CLOVIS POINT: A distinctive, fluted, lanceolate (leaf-shaped) stone projectile point characteristic of the early Paleoindian period, c. 10,000– 9000 bc, and often found in association with mammoth bones. It is named for Clovis, New Mexico, where it was first found. The oncave-based projectile point has a longitudinal groove on each face running from the base to a point not more than halfway along the tool. The base of a Clovis point is concave and the edge of the base is usually blunted through grinding, probably to ensure that the thongs, attaching the point to the projectile, were not cut. It is assumed to have been a spear because of its size; the length of points varies from 7 to 12 cm (2–4 inches), and their widest width is 3–4 cm (1–1.5 inches). Clovis points and the artifacts associated with them (grouped together as the Llano complex) are among the earliest tools known from the New World and have been found over most of North America, with a few outliers as far south as Mexico and Panama. It is the earliest projectile point of the Big Game Hunting tradition of North America. From these points came the later, more sophisticated points, such as the Folsom. [Clovis projectile point, Clovis spear point]
9 Nisan 2015 Perşembe
CLEAVER: A heavy, large core or flake tool of the Paleolithic period, typically having a wide, straight cutting edge at one end, like a modern axhead. Technologically it is related to the hand ax, and is often found as a component of Acheulian (especially Upper Acheulian) hand-ax industries. The sharp transverse cutting edge was almost always notched by use but never sharpened. Along with bifacial tools, it was one of the main instruments of Homo erectus. It is found mainly in Africa, where much of the flake surface is left unretouched. The axlike knife was used from the Middle Pleistocene era to cut through animal bone and meat.

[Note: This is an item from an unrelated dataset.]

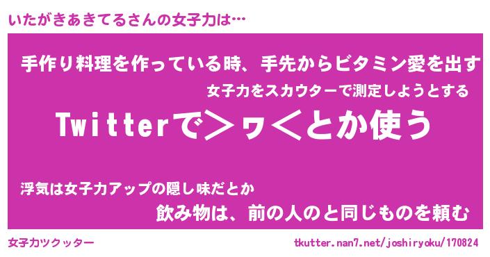 | ヘコむあだ名 | 『いたふぇ~』『つくし』『いたを』 |

CLAY TABLET: The main writing material used by the scribes of early civilizations. Signs were impressed or inscribed on the soft clay, which was then dried in the sun. The ancient Sumerians, Babylonians, Assyrians, and Hittites wrote on tablets made from water-cleaned clay. A common form was a thin quadrilateral tile about 12.5 cm (5 inches) long which, while still wet, was inscribed by a stylus with cuneiform characters. By writing on the surface in small characters, a scribe could copy a substantial text on to a single tablet. For longer texts, several tablets were used and then linked by numbers or catchwords. Book production on clay tablets probably continued for 2000 years in Mesopotamia and Asia Minor. Either dried in the sun or baked in a kiln, clay tablets were almost indestructible. The latter process was used for texts of special value, legal codes, royal annals, and epics to ensure greater preservation. Buried for thousands of years in the mounds of forgotten cities, they have been removed intact or almost so in modern archaeological excavations. The number of clay tablets recovered is nearly half a million, but there are constantly new finds.